Exercise –
Output the data below only from the line containing "- ブレイブリーレッド グレージュ」の画像や販売場所・ブランドなどを紹介しています。" up to and including the line containing "Ranzalı odalarımızda 1", exact and with the pictures left out.
::: Provided data :::
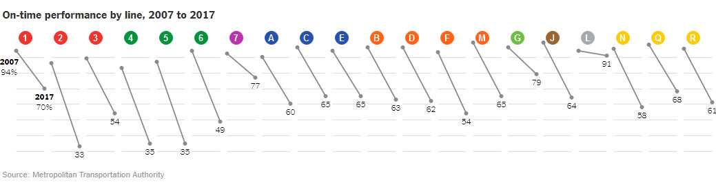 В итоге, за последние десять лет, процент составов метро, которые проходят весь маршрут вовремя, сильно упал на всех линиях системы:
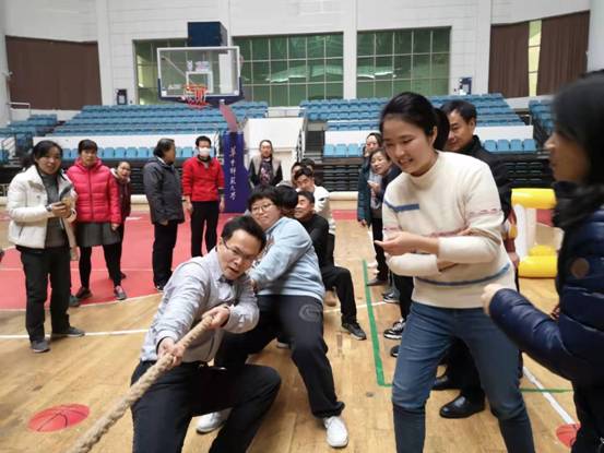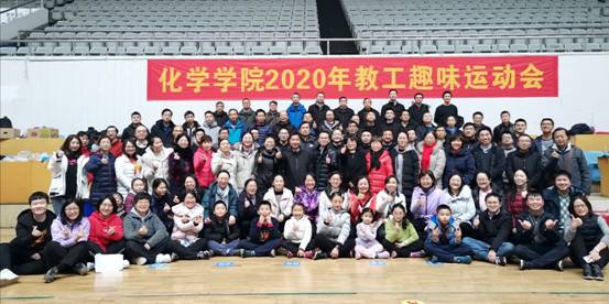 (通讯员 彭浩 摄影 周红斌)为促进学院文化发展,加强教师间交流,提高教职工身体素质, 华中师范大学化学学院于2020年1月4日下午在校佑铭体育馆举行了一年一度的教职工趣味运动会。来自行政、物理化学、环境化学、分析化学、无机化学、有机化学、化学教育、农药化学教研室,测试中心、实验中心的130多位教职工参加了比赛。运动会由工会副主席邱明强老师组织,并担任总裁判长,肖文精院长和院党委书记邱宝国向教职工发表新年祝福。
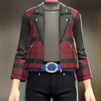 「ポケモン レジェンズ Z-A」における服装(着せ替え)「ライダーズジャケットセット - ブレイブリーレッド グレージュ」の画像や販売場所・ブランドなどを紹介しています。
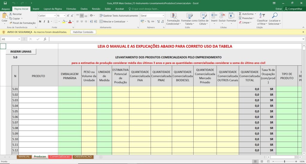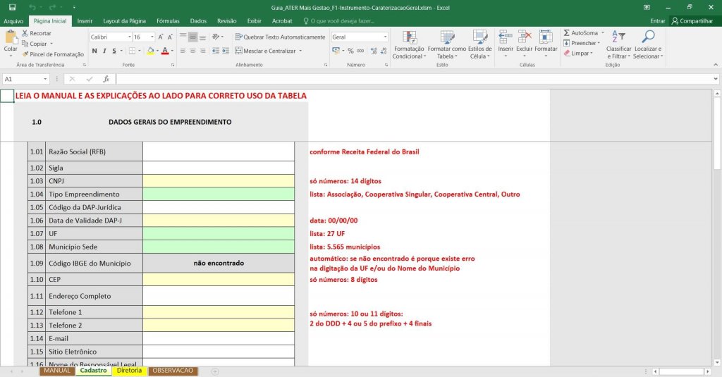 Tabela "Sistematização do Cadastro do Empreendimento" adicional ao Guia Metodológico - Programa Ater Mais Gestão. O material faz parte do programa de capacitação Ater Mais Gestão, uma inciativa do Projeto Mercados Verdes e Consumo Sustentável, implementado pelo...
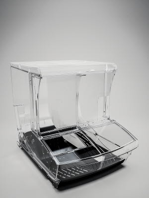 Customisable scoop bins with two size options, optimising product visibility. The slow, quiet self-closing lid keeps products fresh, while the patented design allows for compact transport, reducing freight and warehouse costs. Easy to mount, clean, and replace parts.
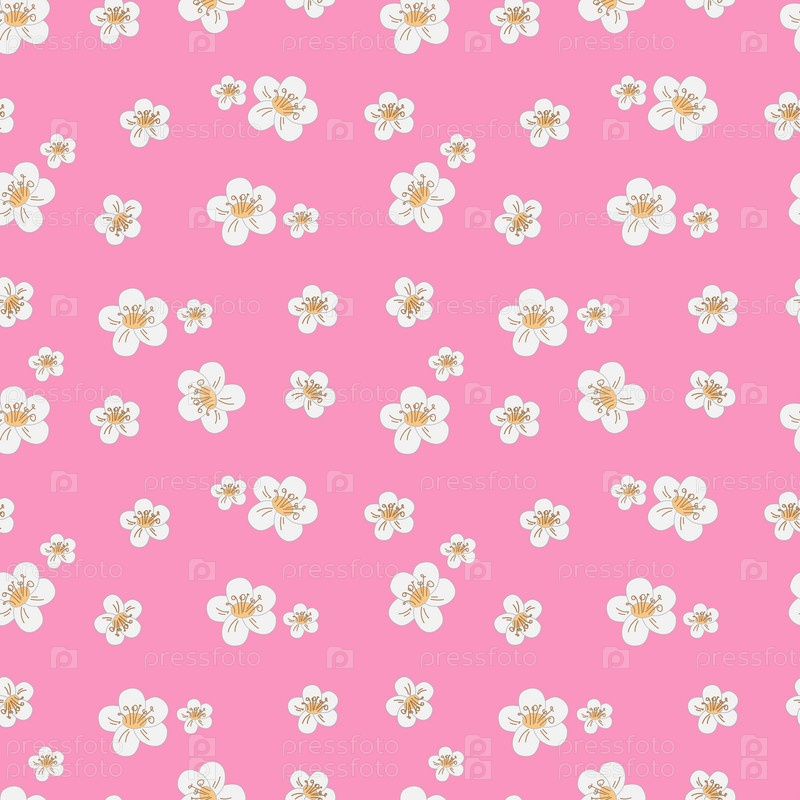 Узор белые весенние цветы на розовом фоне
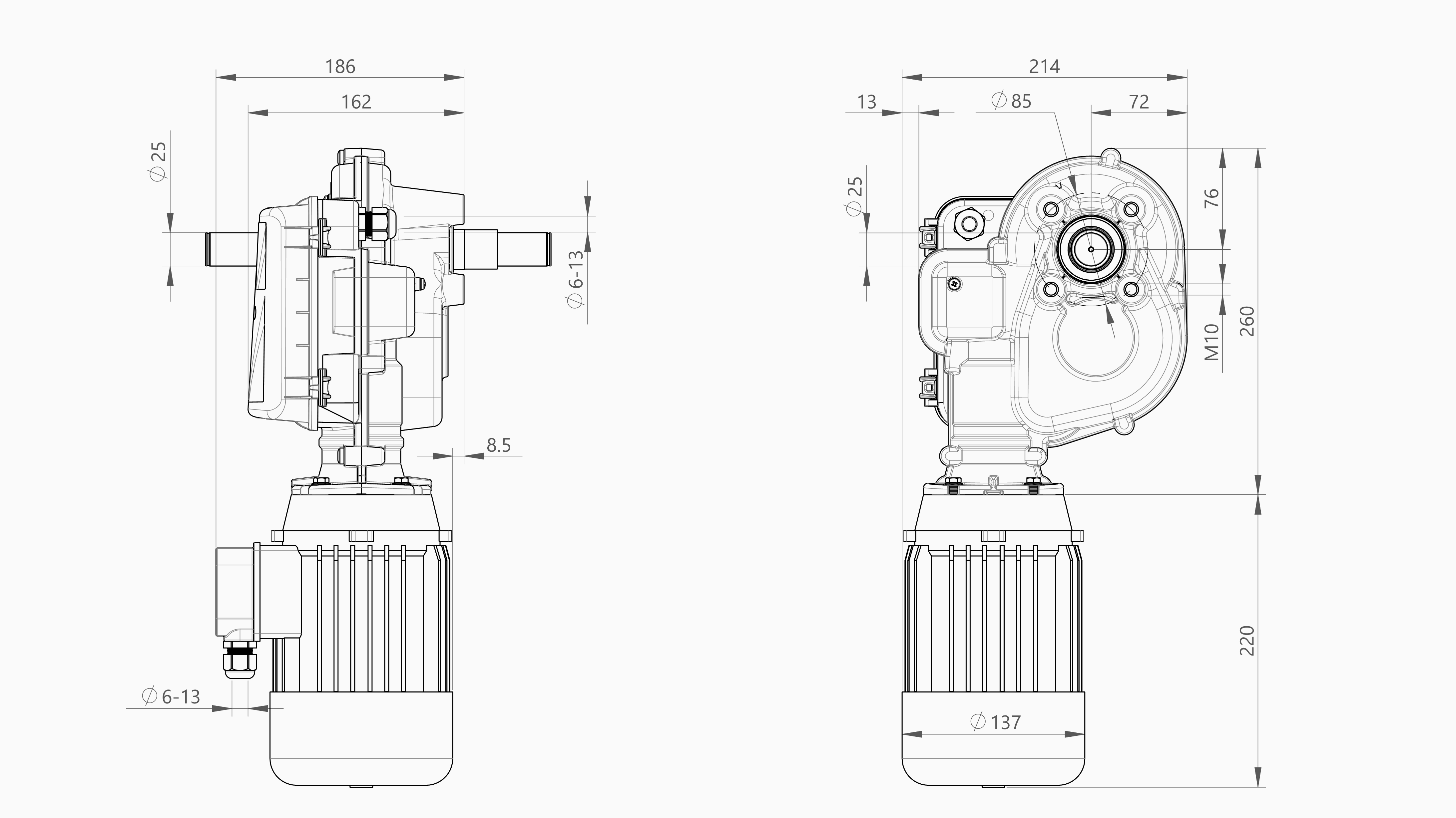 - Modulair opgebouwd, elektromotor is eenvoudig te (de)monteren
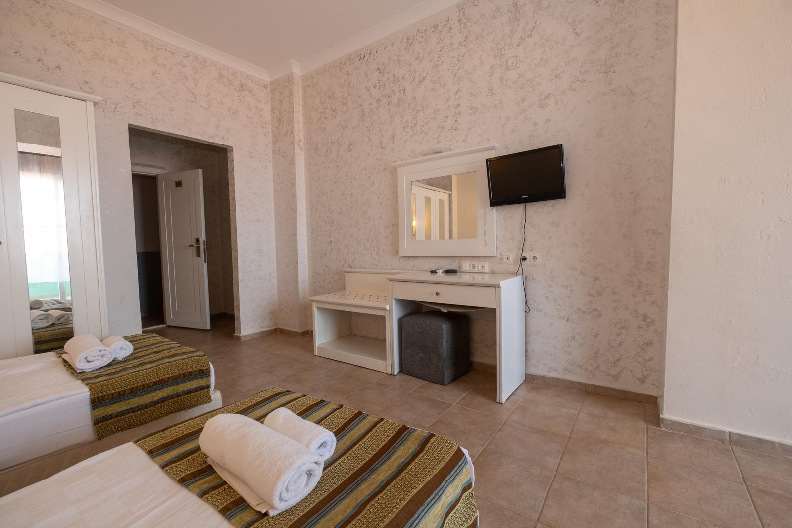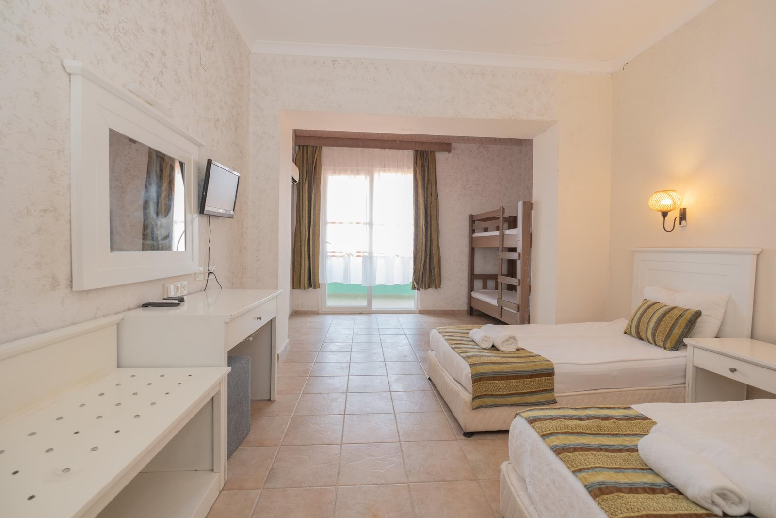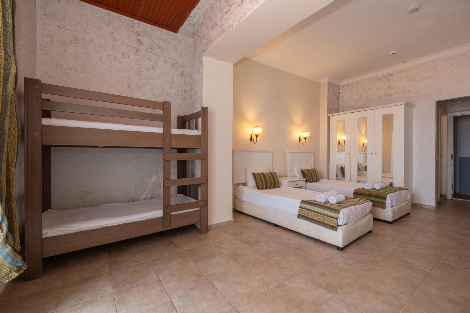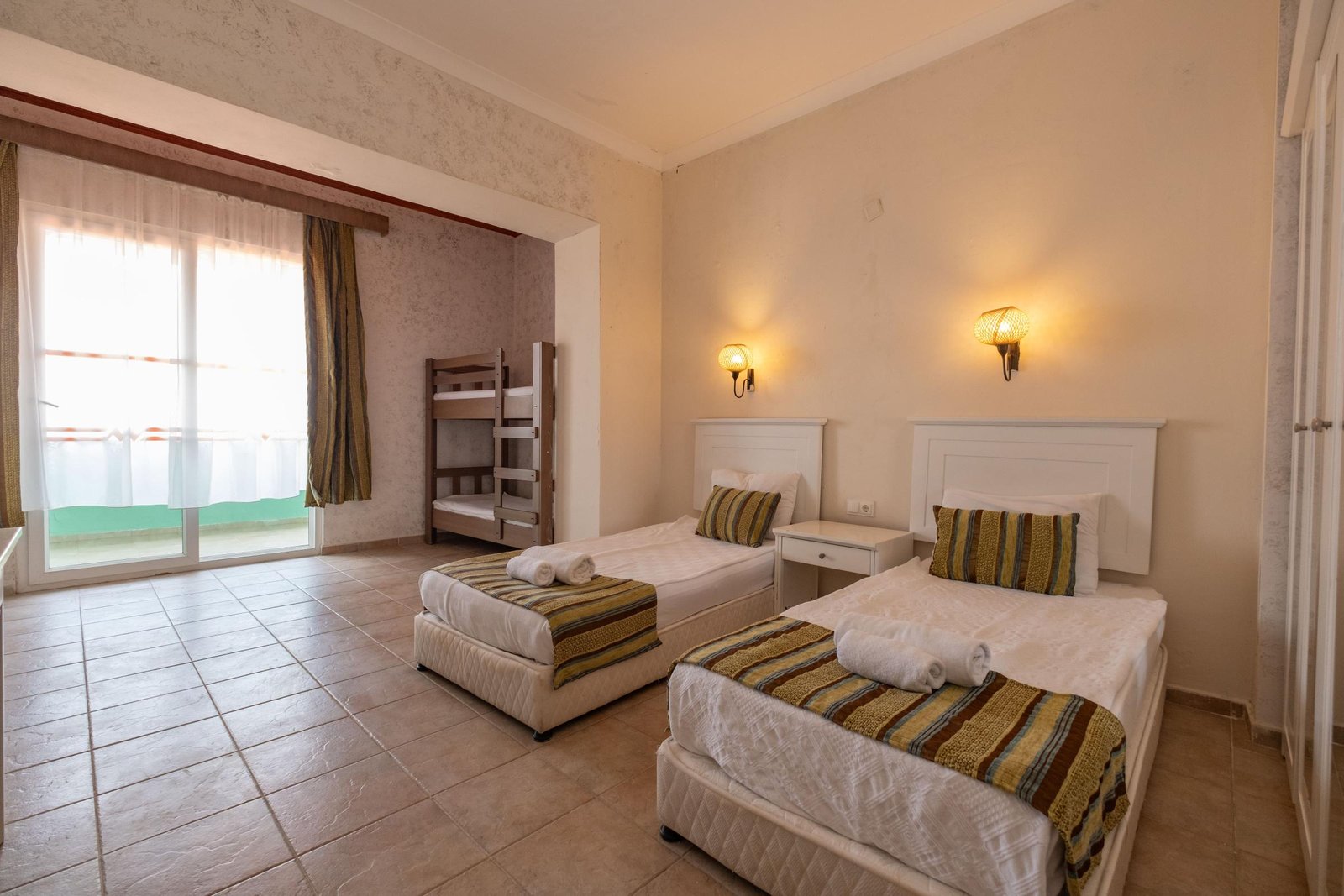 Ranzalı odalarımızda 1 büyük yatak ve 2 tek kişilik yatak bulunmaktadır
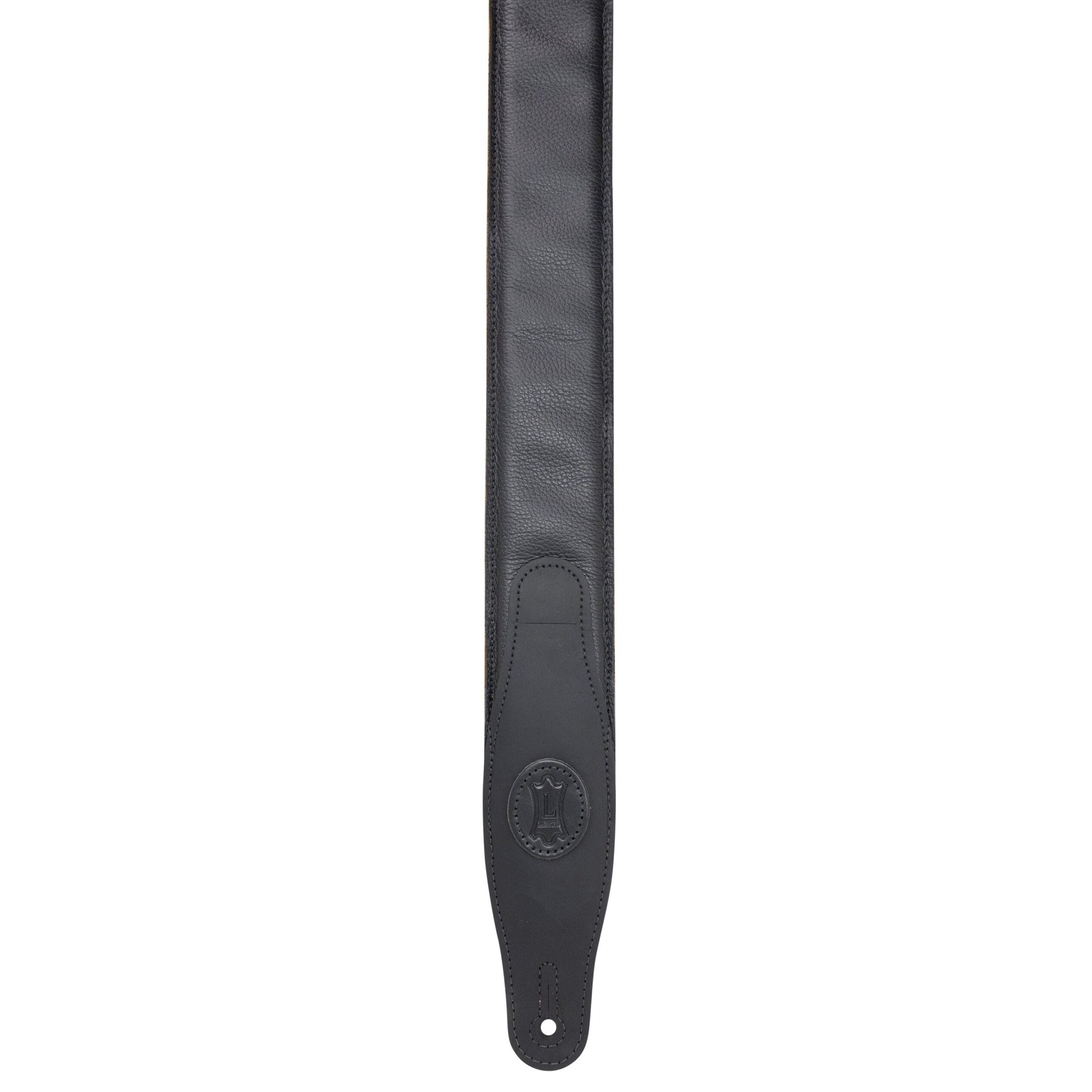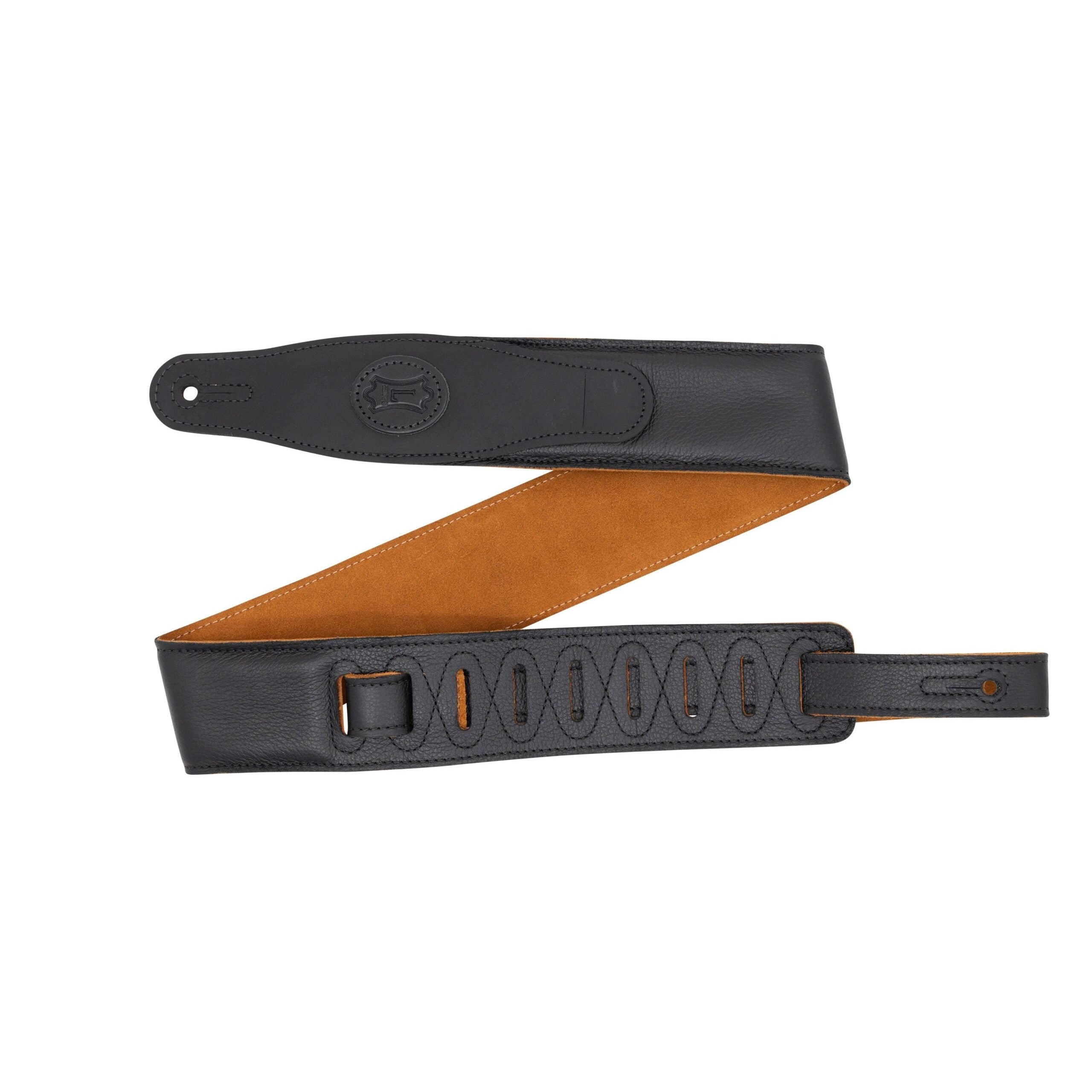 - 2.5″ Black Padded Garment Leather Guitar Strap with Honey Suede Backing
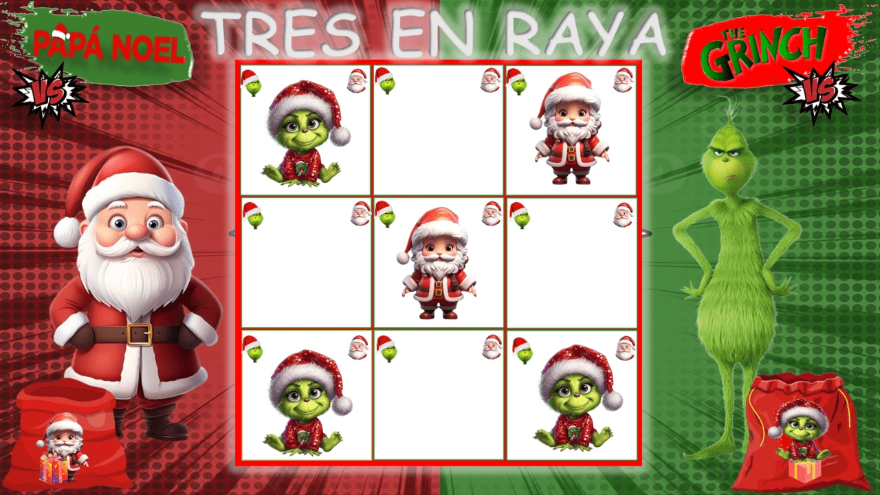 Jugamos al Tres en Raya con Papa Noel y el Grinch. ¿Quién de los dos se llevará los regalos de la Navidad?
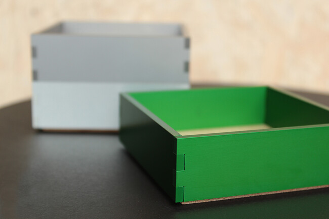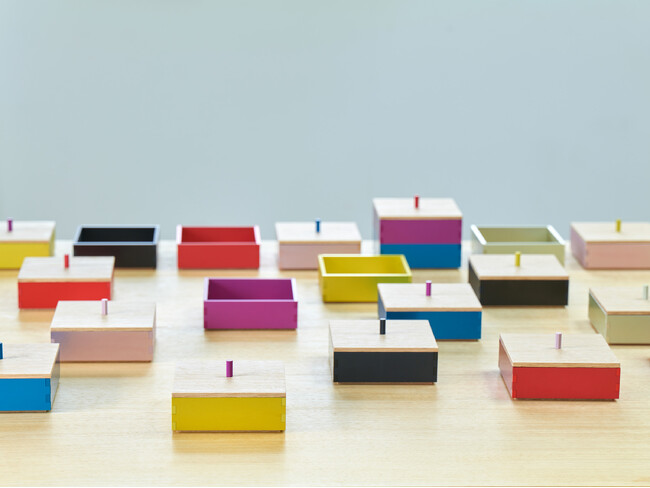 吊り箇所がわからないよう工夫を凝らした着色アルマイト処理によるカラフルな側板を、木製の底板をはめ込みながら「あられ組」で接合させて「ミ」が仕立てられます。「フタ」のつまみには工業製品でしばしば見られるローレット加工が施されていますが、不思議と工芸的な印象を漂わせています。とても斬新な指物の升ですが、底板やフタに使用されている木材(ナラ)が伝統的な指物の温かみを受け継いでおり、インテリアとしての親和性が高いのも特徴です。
:::
Output of the task –
 「ポケモン レジェンズ Z-A」における服装(着せ替え)「ライダーズジャケットセット - ブレイブリーレッド グレージュ」の画像や販売場所・ブランドなどを紹介しています。
 Tabela "Sistematização do Cadastro do Empreendimento" adicional ao Guia Metodológico - Programa Ater Mais Gestão. O material faz parte do programa de capacitação Ater Mais Gestão, uma inciativa do Projeto Mercados Verdes e Consumo Sustentável, implementado pelo...
 Customisable scoop bins with two size options, optimising product visibility. The slow, quiet self-closing lid keeps products fresh, while the patented design allows for compact transport, reducing freight and warehouse costs. Easy to mount, clean, and replace parts.
 Узор белые весенние цветы на розовом фоне
 - Modulair opgebouwd, elektromotor is eenvoudig te (de)monteren
 Ranzalı odalarımızda 1 büyük yatak ve 2 tek kişilik yatak bulunmaktadır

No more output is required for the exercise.